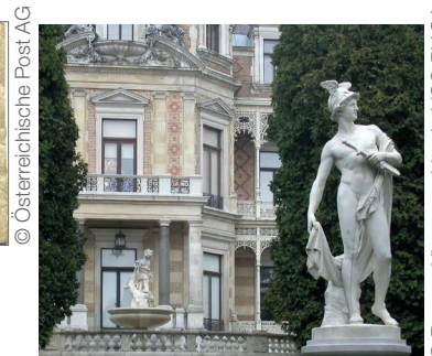
▲ Hermesstatue vor der Hermesvilla im Lainzer Tiergarten in Wien
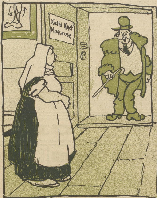
Er: Pardon! Ich hab' mich wohl geirrt!
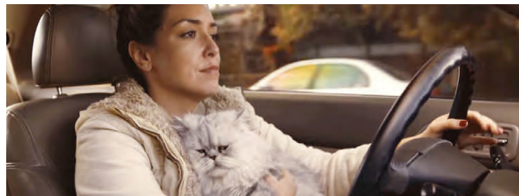
Skjáskot úr auglýsingunni um gömlu Honduna.

Billinn er til sölu á eBay og boð í hann voru komin í um 15 og hálf milljón króna þegar eBay aflýsti uppboðinu vegna gruns um að boðin væru ekki öll raunveruleg. Fyrirtækið ákvað því að hefja nýtt upp-
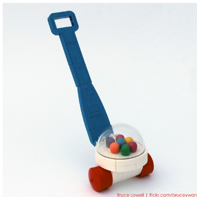
Bruce Lowell | flickr.com/bruceywan

BL: Me gusta el desafío de construir dentro del marco que LEGO nos da, por lo que me mantengo alejado de elementos no oficiales como regla. Ocasionalmente si un MOC o trabajo encargado la necesita, creo una pegatina o uso ladrillos grabados, pero cuando lo hago me gusta hacerlo lo mínimo posible y usarlas del modo en que creo que LEGO las usaría si estuviera construyendo lo que yo construyo.
----------------------------------------
_Task goal_. Start copying at the line that contains "Bruce Lowell | flickr.com/bruceywan" and stop after the last line of the records, keeping every line exactly.

_Expected answer_.
Bruce Lowell | flickr.com/bruceywan

BL: Me gusta el desafío de construir dentro del marco que LEGO nos da, por lo que me mantengo alejado de elementos no oficiales como regla. Ocasionalmente si un MOC o trabajo encargado la necesita, creo una pegatina o uso ladrillos grabados, pero cuando lo hago me gusta hacerlo lo mínimo posible y usarlas del modo en que creo que LEGO las usaría si estuviera construyendo lo que yo construyo.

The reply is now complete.